Please copy out the entries below exactly, beginning with the line that contains "But I also say" and ending with the line that contains "EPS コアフォームをモールド工法で成形した耐久性とフレックス性能を備えた Elementsシリーズ。", and include nothing outside that span.

- - - -

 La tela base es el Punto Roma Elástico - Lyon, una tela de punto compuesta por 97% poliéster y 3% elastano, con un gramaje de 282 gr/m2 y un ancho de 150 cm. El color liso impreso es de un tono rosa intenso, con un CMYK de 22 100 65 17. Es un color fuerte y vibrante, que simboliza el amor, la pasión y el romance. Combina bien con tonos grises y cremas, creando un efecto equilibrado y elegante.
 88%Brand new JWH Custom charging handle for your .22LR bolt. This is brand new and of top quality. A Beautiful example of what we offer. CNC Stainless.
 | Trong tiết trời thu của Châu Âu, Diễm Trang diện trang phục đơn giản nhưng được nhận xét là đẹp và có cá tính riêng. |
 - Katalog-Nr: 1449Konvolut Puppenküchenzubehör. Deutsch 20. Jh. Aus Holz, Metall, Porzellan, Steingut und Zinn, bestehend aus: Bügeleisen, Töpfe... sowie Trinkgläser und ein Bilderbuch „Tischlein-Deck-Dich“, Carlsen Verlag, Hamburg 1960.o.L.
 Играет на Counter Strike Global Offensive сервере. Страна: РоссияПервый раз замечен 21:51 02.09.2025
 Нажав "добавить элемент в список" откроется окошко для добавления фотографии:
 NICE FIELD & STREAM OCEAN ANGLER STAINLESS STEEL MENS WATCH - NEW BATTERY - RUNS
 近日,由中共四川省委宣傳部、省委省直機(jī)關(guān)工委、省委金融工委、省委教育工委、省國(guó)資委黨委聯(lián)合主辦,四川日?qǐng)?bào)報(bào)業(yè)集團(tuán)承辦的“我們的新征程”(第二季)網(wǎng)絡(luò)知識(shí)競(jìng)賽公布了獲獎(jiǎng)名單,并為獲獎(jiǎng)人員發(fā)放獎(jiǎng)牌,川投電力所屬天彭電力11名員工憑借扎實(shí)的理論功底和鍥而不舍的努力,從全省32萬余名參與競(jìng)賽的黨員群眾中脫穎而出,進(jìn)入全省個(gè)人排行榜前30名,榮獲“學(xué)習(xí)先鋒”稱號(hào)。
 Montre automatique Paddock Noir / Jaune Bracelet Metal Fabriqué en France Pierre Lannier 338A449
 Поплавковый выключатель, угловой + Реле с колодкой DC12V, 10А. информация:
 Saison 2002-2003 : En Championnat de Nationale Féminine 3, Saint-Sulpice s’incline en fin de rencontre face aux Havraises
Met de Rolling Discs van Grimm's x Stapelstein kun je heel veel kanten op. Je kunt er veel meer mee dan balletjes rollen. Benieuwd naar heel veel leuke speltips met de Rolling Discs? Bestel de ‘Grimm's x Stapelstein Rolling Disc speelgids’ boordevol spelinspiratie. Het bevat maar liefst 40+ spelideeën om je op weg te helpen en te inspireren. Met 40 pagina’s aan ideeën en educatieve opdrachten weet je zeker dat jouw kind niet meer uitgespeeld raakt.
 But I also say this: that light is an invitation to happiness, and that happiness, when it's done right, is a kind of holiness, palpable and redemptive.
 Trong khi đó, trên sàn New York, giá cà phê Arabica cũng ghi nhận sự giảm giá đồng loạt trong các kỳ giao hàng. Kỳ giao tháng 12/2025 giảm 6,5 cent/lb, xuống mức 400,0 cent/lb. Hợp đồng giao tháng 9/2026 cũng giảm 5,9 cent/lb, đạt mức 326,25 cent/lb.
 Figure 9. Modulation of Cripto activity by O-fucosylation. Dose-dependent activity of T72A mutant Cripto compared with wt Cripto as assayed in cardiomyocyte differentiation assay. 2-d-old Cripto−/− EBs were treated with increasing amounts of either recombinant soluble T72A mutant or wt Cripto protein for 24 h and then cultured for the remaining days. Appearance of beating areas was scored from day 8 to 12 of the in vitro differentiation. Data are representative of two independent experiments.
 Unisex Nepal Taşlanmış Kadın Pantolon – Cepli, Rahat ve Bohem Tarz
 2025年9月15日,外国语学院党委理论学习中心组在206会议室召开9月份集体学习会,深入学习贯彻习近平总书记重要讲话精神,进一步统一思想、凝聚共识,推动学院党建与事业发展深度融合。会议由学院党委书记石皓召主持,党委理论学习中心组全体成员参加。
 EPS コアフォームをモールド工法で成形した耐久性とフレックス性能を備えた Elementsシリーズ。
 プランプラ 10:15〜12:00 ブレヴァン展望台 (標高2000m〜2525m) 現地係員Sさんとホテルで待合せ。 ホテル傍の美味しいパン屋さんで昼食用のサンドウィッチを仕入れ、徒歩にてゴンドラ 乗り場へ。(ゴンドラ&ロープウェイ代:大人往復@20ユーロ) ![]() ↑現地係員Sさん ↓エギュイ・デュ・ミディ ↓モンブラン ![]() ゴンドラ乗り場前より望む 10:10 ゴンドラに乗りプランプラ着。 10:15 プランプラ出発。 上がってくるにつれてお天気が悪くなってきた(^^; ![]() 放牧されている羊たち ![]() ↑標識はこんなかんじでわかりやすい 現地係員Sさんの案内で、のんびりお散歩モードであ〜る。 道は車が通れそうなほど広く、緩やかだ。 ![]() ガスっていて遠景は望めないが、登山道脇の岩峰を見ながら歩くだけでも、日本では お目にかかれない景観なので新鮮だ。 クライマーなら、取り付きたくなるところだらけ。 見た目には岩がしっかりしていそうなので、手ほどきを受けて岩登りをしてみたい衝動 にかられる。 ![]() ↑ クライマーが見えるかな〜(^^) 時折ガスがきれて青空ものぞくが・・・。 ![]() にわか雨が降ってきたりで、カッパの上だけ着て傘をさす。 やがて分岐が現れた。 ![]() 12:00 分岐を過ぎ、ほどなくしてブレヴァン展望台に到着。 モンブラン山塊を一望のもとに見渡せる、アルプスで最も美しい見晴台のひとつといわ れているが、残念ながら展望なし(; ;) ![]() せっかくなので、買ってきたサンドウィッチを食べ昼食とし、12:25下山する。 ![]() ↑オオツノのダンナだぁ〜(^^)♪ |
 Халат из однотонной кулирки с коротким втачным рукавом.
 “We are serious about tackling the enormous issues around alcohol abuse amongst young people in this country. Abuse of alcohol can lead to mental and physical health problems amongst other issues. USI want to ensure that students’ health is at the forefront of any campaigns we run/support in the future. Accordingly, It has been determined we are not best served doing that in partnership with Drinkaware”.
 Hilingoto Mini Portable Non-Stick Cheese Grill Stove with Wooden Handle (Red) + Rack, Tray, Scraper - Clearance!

- - - -

RESPONSE ::
 But I also say this: that light is an invitation to happiness, and that happiness, when it's done right, is a kind of holiness, palpable and redemptive.
 Trong khi đó, trên sàn New York, giá cà phê Arabica cũng ghi nhận sự giảm giá đồng loạt trong các kỳ giao hàng. Kỳ giao tháng 12/2025 giảm 6,5 cent/lb, xuống mức 400,0 cent/lb. Hợp đồng giao tháng 9/2026 cũng giảm 5,9 cent/lb, đạt mức 326,25 cent/lb.
 Figure 9. Modulation of Cripto activity by O-fucosylation. Dose-dependent activity of T72A mutant Cripto compared with wt Cripto as assayed in cardiomyocyte differentiation assay. 2-d-old Cripto−/− EBs were treated with increasing amounts of either recombinant soluble T72A mutant or wt Cripto protein for 24 h and then cultured for the remaining days. Appearance of beating areas was scored from day 8 to 12 of the in vitro differentiation. Data are representative of two independent experiments.
 Unisex Nepal Taşlanmış Kadın Pantolon – Cepli, Rahat ve Bohem Tarz
 2025年9月15日,外国语学院党委理论学习中心组在206会议室召开9月份集体学习会,深入学习贯彻习近平总书记重要讲话精神,进一步统一思想、凝聚共识,推动学院党建与事业发展深度融合。会议由学院党委书记石皓召主持,党委理论学习中心组全体成员参加。
 EPS コアフォームをモールド工法で成形した耐久性とフレックス性能を備えた Elementsシリーズ。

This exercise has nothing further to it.